> [TASK GOAL]:
Your task is to return, word for word, only the lines from the line with "Kein Abspülen nötig!" through the close of the data. Exclude all pictures.

> [RECORDS]:
* * * * * * *

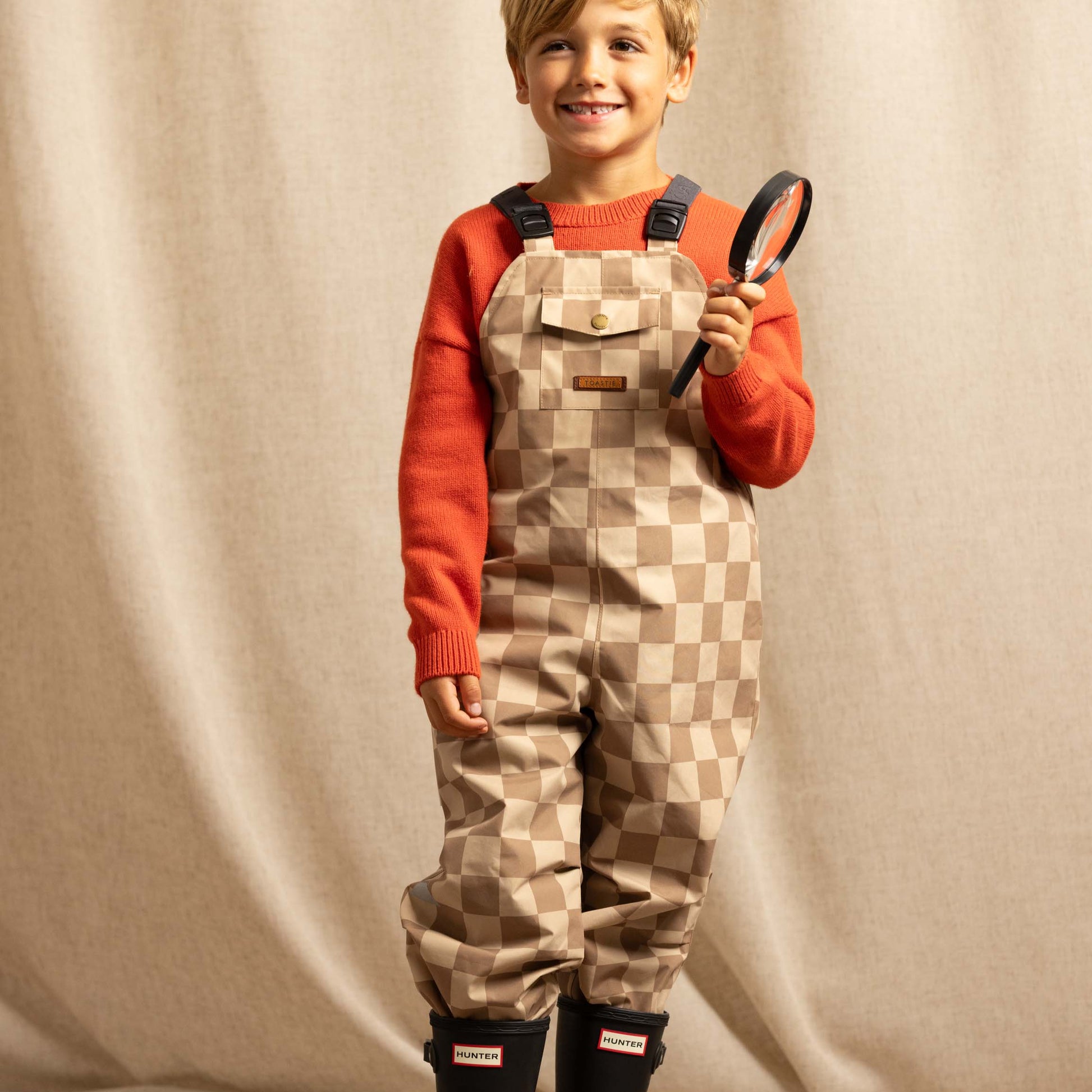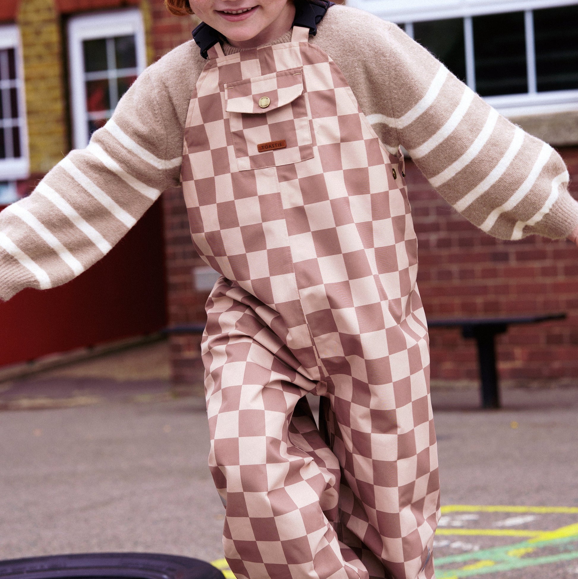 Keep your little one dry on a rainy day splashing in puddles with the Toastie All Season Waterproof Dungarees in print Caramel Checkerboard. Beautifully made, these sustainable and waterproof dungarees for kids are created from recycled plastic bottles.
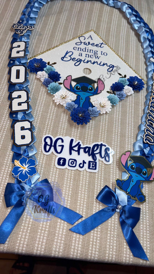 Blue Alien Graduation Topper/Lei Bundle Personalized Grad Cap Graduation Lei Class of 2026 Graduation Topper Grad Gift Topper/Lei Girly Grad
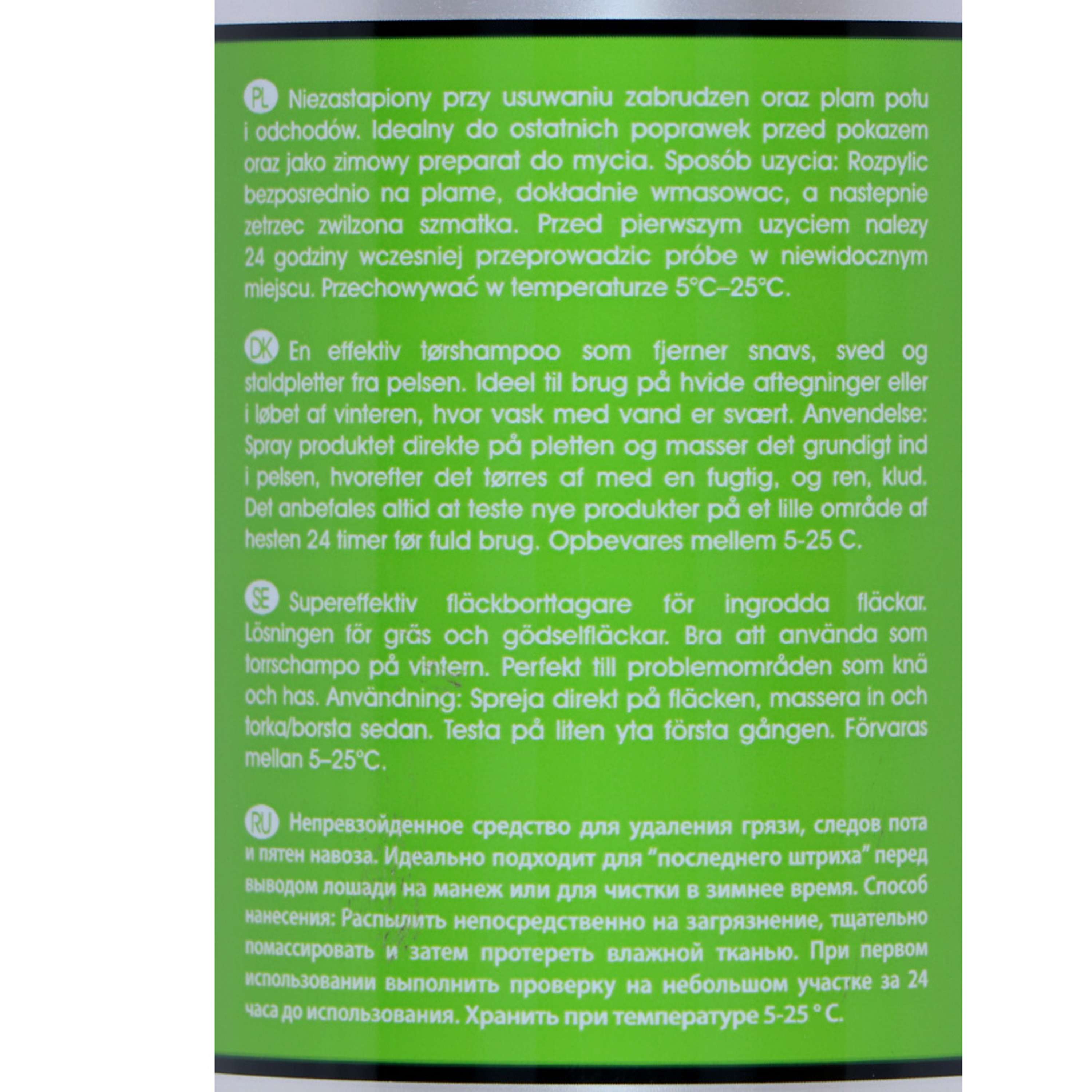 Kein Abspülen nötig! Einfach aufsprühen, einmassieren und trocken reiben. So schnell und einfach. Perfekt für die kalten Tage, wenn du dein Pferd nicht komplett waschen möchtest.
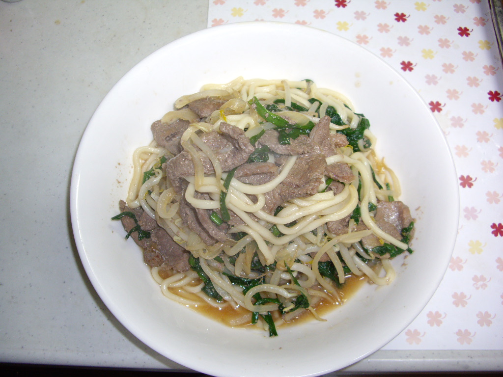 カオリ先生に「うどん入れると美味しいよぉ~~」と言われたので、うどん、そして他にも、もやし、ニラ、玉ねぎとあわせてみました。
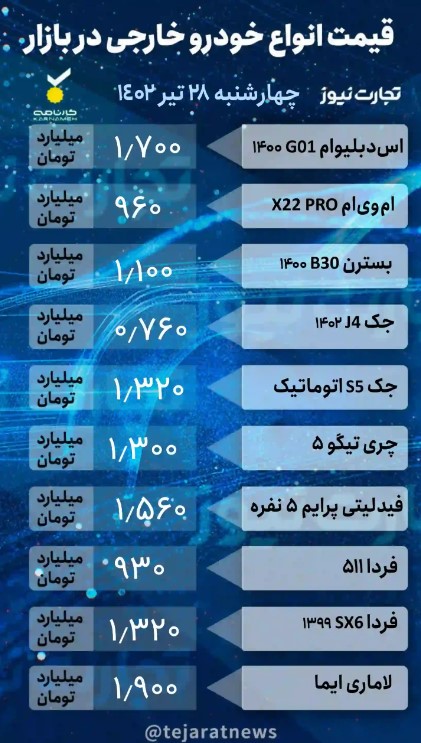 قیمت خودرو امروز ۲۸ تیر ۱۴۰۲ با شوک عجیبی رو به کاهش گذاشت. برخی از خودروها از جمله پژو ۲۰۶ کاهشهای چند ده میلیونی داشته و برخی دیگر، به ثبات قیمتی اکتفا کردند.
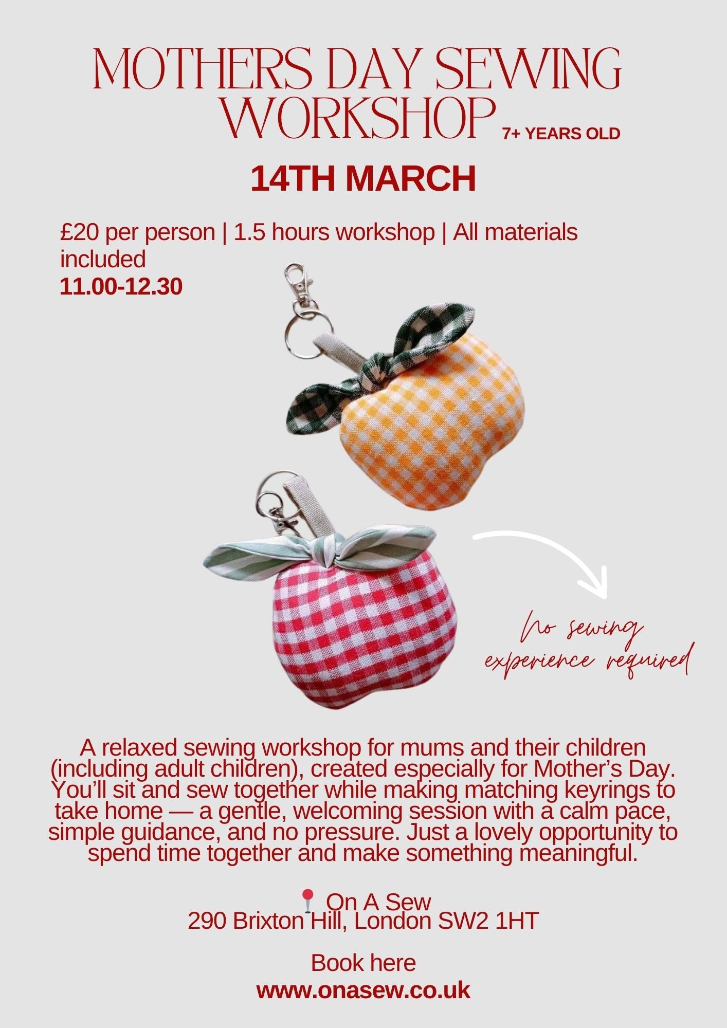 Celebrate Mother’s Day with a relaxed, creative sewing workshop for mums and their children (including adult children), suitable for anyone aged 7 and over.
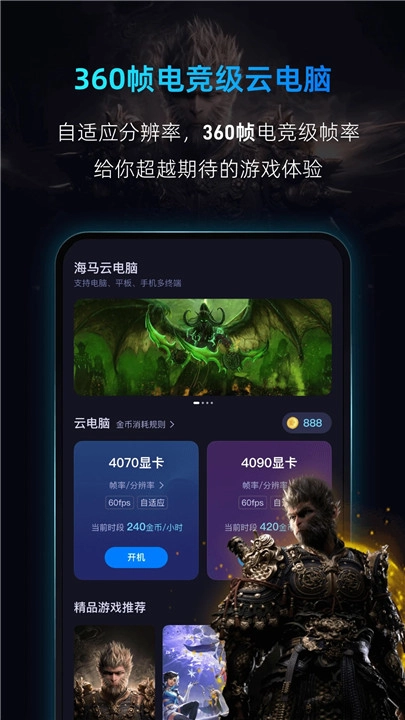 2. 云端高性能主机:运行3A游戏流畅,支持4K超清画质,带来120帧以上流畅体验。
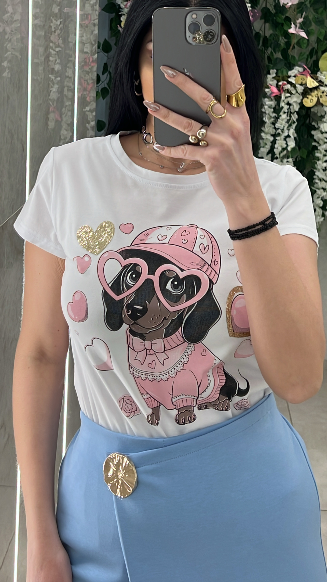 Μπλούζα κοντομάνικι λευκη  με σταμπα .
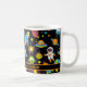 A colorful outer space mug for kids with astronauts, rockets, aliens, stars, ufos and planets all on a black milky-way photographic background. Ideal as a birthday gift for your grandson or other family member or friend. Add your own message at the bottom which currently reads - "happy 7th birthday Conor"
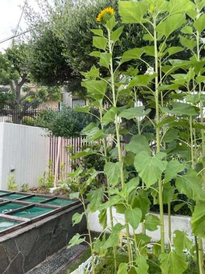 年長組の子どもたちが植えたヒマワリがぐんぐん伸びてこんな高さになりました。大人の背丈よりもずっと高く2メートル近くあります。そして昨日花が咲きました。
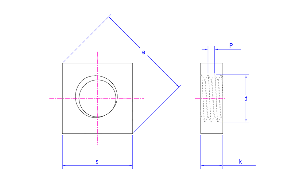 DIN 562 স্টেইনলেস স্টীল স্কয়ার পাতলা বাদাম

* * * * * * *

> [PROBLEM SOLUTION]:
 Kein Abspülen nötig! Einfach aufsprühen, einmassieren und trocken reiben. So schnell und einfach. Perfekt für die kalten Tage, wenn du dein Pferd nicht komplett waschen möchtest.
 カオリ先生に「うどん入れると美味しいよぉ~~」と言われたので、うどん、そして他にも、もやし、ニラ、玉ねぎとあわせてみました。
 قیمت خودرو امروز ۲۸ تیر ۱۴۰۲ با شوک عجیبی رو به کاهش گذاشت. برخی از خودروها از جمله پژو ۲۰۶ کاهشهای چند ده میلیونی داشته و برخی دیگر، به ثبات قیمتی اکتفا کردند.
 Celebrate Mother’s Day with a relaxed, creative sewing workshop for mums and their children (including adult children), suitable for anyone aged 7 and over.
 2. 云端高性能主机:运行3A游戏流畅,支持4K超清画质,带来120帧以上流畅体验。
 Μπλούζα κοντομάνικι λευκη  με σταμπα .
 A colorful outer space mug for kids with astronauts, rockets, aliens, stars, ufos and planets all on a black milky-way photographic background. Ideal as a birthday gift for your grandson or other family member or friend. Add your own message at the bottom which currently reads - "happy 7th birthday Conor"
 年長組の子どもたちが植えたヒマワリがぐんぐん伸びてこんな高さになりました。大人の背丈よりもずっと高く2メートル近くあります。そして昨日花が咲きました。
 DIN 562 স্টেইনলেস স্টীল স্কয়ার পাতলা বাদাম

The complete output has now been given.